Subject: Re: IPSec config and RACOON
To: None <>
From: Darren Reed <>
List: tech-net
Date: 08/29/2001 07:39:34
In some email I received from, sie wrote:
[Charset iso-8859-1 unsupported, filtering to ASCII...]
> I have made a custom kernel with IPSec ON. Unfortunately, there was no
> ipsec.conf that was created in the process.
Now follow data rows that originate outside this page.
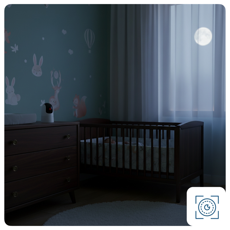 Video clar ca cristalul indiferent de ora. Vorbesc cu copilul meu ori de câte ori se trezește și îi face plăcere să-mi audă vocea.
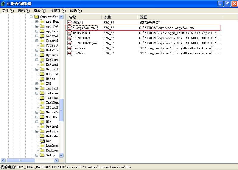 展开HKEY_LOCAL_MACHINE\SOFTWARE\Microsoft\Windows\CurrentVersion\Run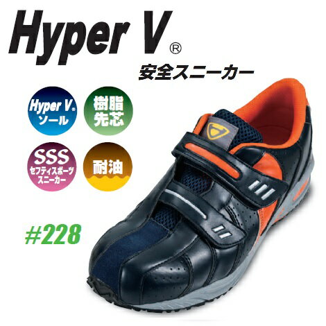 【レビュー特典あり】[ ハイパーV #228 ネイビー ] 樹脂先芯 耐油 SSSセフティスポーツスニーカー 紐なし 紐無し 紐無し靴 HyperV 日進ゴム 安全靴 安全スニーカー 紺 マジックテープ式 シューズ スニーカー 靴 #228 ハイパーV228 HYPERV ハイパーv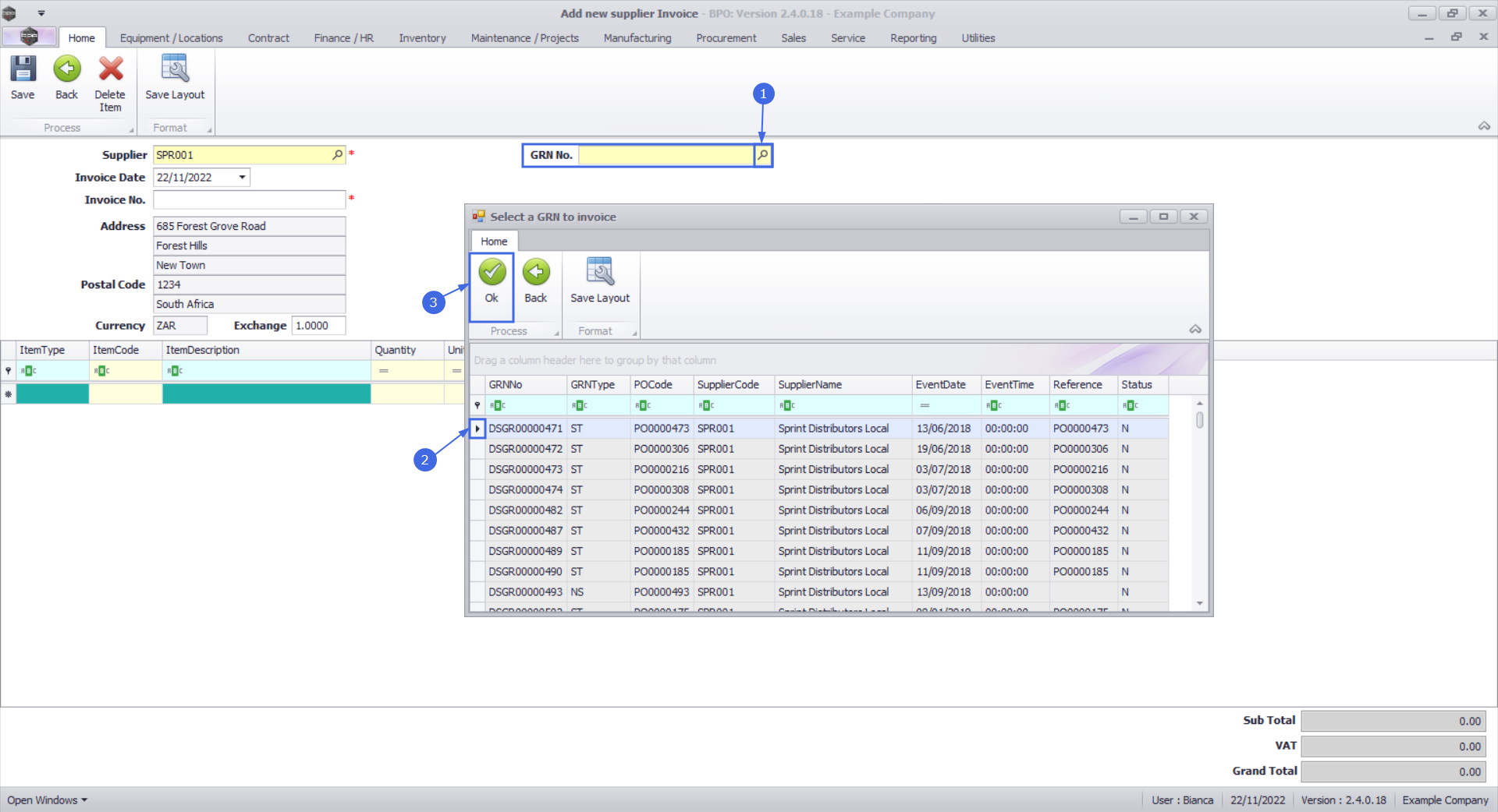 • Search for and select the GRN No.. This list will only display GRNs that are available for generating a Supplier Invoice.

What does ipsec.conf contain,
> and is there an example of this file?

FWIW, my ipsec.conf looks like this:

#! /bin/sh
/usr/local/v6/sbin/setkey -c << __EOF__
# Manual keying for Solaris8
add esp 0x105 \
	-E des-cbc deskey1 -A hmac-md5 md5key1;
add esp 0x106 \
	-E des-cbc deskey2 -A hmac-md5 md5key2;
spdadd any -P out ipsec esp/transport//require;
spdadd any -P in ipsec esp/transport//require;
# For a tunnel to a win2k box. destip is a remote box. for example:
# destip =
# tunnelsrc =
# localip =
spdadd destip tunnelsrc any
        -P out ipsec esp/tunnel/localip-tunnelsrc/require;
spdadd tunnelsrc destip any
        -P in ipsec esp/tunnel/tunnelsrc-localip/require;

If you are using 1.5 or 1.5.1 or 1.5.2, download the latest KAME snapshot
and install that.  isakmpd is a PoS.  racoon is much better.